Tobacco use remains the leading cause of preventable morbidity and mortality worldwide.

Smoking causes a range of illnesses, including respiratory disease, cancer, circulatory disease and diseases of the digestive system.  Smoking is harmful not only to smokers but also to people around them.  Infants of parents who smoke are more likely to suffer from serious respiratory infections. It is a major cause of health inequalities. 

Addressing smoking is through Tobacco Control Initiatives that includes both the provision of Stop Smoking Services and wider efforts to create smoke free environments.

The prevalence of smoking varies markedly between socio-economic groups.  Smoking prevalence is higher in more deprived populations and amongst the routine and manual group of workers.

Smoking is the single most modifiable risk factor for adverse outcomes in pregnancy.

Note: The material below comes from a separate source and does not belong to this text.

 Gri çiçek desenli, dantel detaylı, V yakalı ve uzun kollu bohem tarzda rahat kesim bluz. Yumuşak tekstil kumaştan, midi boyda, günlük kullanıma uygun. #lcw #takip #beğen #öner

Hazardous drinking of alcohol is defined as a pattern of drinking which brings about the risk of physical or psychological harm. Harmful drinking is a subset of hazardous drinking and is described as a pattern of drinking that is likely to cause physical and psychological harm.  Consumption of alcohol above the recommended limits (21 units per week for males and 14 units per week for females) is known to be harmful to health. Nationally over the last decade there are indications that there has been an increase in adverse health outcomes associated with alcohol.

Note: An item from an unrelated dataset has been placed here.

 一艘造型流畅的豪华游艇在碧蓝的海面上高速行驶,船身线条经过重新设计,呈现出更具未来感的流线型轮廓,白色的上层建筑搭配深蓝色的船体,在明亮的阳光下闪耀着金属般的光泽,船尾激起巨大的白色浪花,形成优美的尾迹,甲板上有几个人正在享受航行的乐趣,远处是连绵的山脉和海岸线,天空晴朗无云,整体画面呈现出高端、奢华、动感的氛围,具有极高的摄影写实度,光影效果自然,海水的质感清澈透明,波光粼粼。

A local telephone survey in 2009 found that about 30% of men drank more than the recommended limit. Overall, Cambridgeshire as a county compares well to the national average on statistics for alcohol misuse and harm, but Cambridge City is above the national average for a number of indicators including hospital admissions specifically caused by alcohol, aspects of alcohol related crime, and binge drinking.

Physical Activity

Physical Activity includes all forms of activity, such as everyday walking or cycling, active play, work-related activity, active recreation, dancing, gardening and playing active games, as well as organised sport. Measuring levels of physical activity is complex depending on whether participation in sport is measured or a wider definition that includes other measures.

Adults should aim to be active daily.  Over a week, activity should add up to at least 150 minutes (2½ hours) of moderate intensity activity in bouts of ten minutes or more. 


Sexual Health

Sexual health includes sexually transmitted infections (STIs), contraception, abortion and reproductive health.  Sexual health need requires an holistic understanding.  For example if there is a high teenage conception rate then there is high risk of an increase in sexually transmitted infections and abortion.

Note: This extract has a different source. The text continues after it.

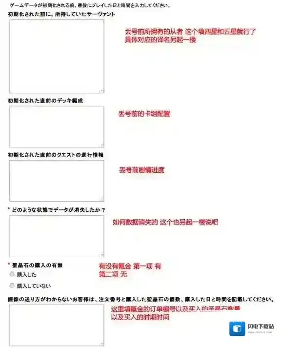 下面是问卷的翻译,其中氪金记录、UID和英灵是几个重要信息

The numbers of people living with HIV in Cambridgeshire has increased since 2004 reflecting to a large degree better treatment methods.

Nationally there is also a concern with a high level of late HIV diagnoses which compromises treatment and potentially could increase the spread of the disease.

Nationally the highest burden of sexually transmitted disease is borne by women, commercial sex workers, gay men, men who have sex with men (MSM), teenagers, young adults and black and ethnic minorities (BME).  A better understanding in Cambridgeshire of the sexual health needs of these groups especially vulnerable populations is required.

The Cambridgeshire teenage conception rate has been consistently and significantly lower than the national and East of England rate since the launch of the Teenage Pregnancy Strategy in 1999.

There were 740 sexual offences recorded in Cambridgeshire during 2008-2009 with 755 recorded sexual offences in Cambridgeshire in 2009-2010, representing a 2% increase year on year.  The Cambridgeshire and Peterborough Sexual Assault Referral Centre provided services to 330 people in 2010 of which, 112 of those clients were from Cambridgeshire. 


Access to Services

Cambridgeshire is predominantly a rural county and access to all services is limited in many areas especially in more deprived areas where car ownership is more limited.

The full JSNA contains links to detailed maps that demonstrate the patterns and inequalities that are present in Cambridgeshire.